It wasn’t until several minutes later, when he was in a golf cart heading back to scoring, that he buried his head in his hands, overcome with the enormity of both what he’d done and what he’d won.

“It’s probably the most emotion I ever showed coming down the stretch,” Koepka said in total seriousness. “It feels amazing to get my name on this trophy with so many other great names. It’s truly an honor.”

Koepka is the seventh consecutive first-timer to win a major, extending a run that started with Jason Day’s win at the 2015 PGA Championship. That the newbie trend would continue was all but a given; Sergio Garcia and Louis Oosthuizen were the only major winners to finish in the top 25, and neither was ever a factor Sunday.

To win a major takes talent, of course. But everyone out here has talent. What sets major champions apart is a steely resolve, an ability to block out the moment and all it represents, and will themselves past any distractions.
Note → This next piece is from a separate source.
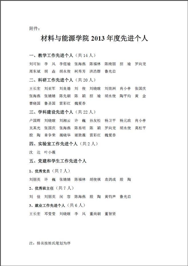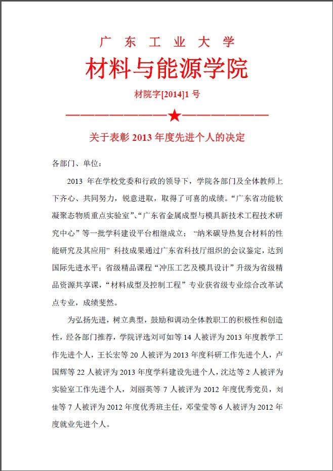 院字2014年1号 (关于表彰2013年度先进个人的决定)

It sounds easy, but it is anything but when you’ve never done it before.

“I don’t feel as though I lost a golf tournament,” said Brian Harman, who finished in a tie for second. “I think Brooks went out and won the tournament.”

His 5-under 67 was the second-lowest round of the day. He made only one bogey. He missed only one green. His total score of 16-under matched the U.S. Open record set by Rory McIlroy in 2011.